Ronald, who had worked out of his passion, sniffed.
"Thank you, I had rather not, if you don't mind. I think you will find that you don't like your place."
"Well," said Armitage affably, "then I can leave, you know."
"Yes, you can, all right; it'll be sooner than you think. Come on, Muck," and the older brother turned and left the garage.
Muck, who for the past few seconds had been gazing at Armitage with wide eyes, slipped down from the car and stood in front of him.
"Say," he exclaimed, "you 're the fellow I gave that note to in church--the one from my sister--aren't you?"
He grinned as Armitage looked at him dumbly.
"Don't be afraid," he said. "I shan't tell. Sister gave me a five-dollar gold piece. I thought you didn't act like a chauffeur. Say, show me that grip you got on Ronie, will you?
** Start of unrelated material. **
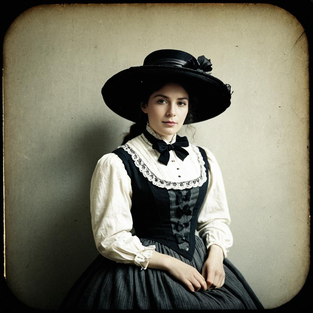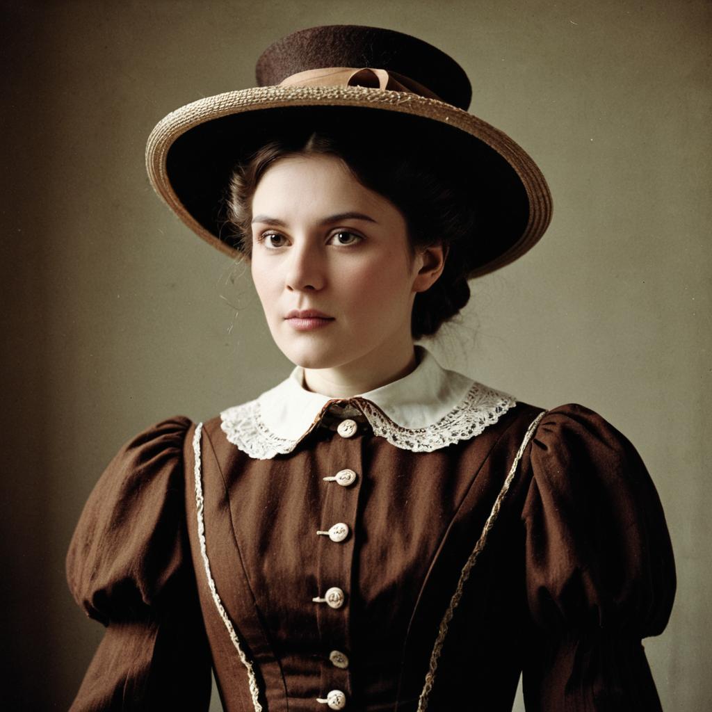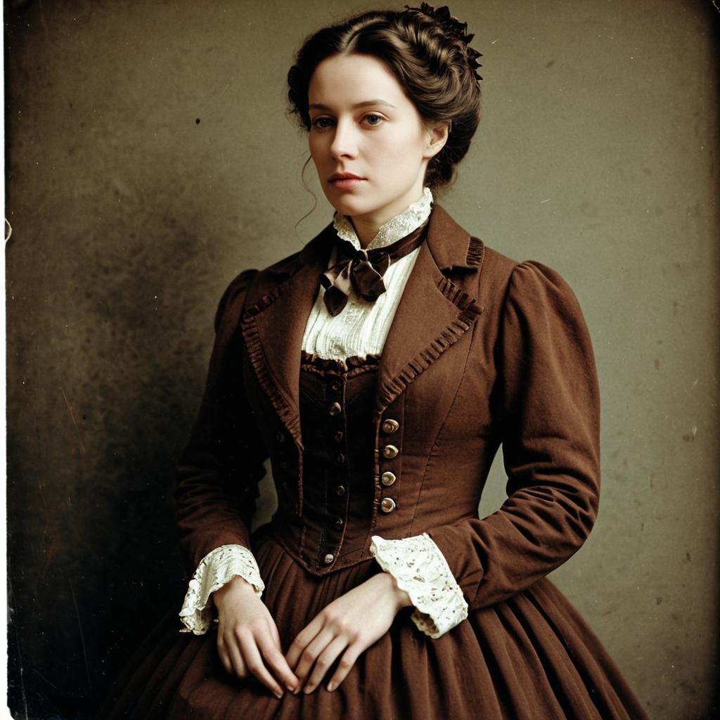 Victorian Era Fashion Costume, woman in a brown dress and a brown jacket

He has been too fresh lately,--I want to spring it on him. Can I learn it?"
"Not that one." Armitage took the boy's hand, his thumb pressing back of the second knuckle, his fingers on the palm. He twisted backward and upward gently. "There 's one that's better, though, and easier. See? Not that way," as the boy seized his hand. "Press here. That's right. Now you've got it. You can make your brother eat out of your hand."
"Thanks!" Muck left beaming, searching for his disgruntled brother--and Armitage had made a friend.
A minute later Royal, or Muck, as his nickname seemed to be, thrust his head into the garage. "You 're not going to say anything to mother about the cigarettes, are you?"
"That's the best guess you ever made," smiled Armitage. "You and I'll settle that, won't we?"
"Rather," replied the boy, who departed with a nod.
"Well, you've done it," said Ryan, gazing at Armitage admiringly. "Master Ronald will raise hell!"
Armitage shook his head.
"I don't care, I just had to devil that rooster. He was insufferable. I--"
The telephone bell rang, and Ryan, with a significant I-told-you-so grimace took up the receiver. A second later a smile of relief lighted his face.
"Very well. Thank you, sir," he said, and turned to Armitage.
"The butler, Mr. Buchan, says that Miss Wellington would have you bring out her car at once. She don't want any footman."
Armitage arose with a thrill which set his ears tingling, cranked the motor, and within a minute was rolling out of the garage.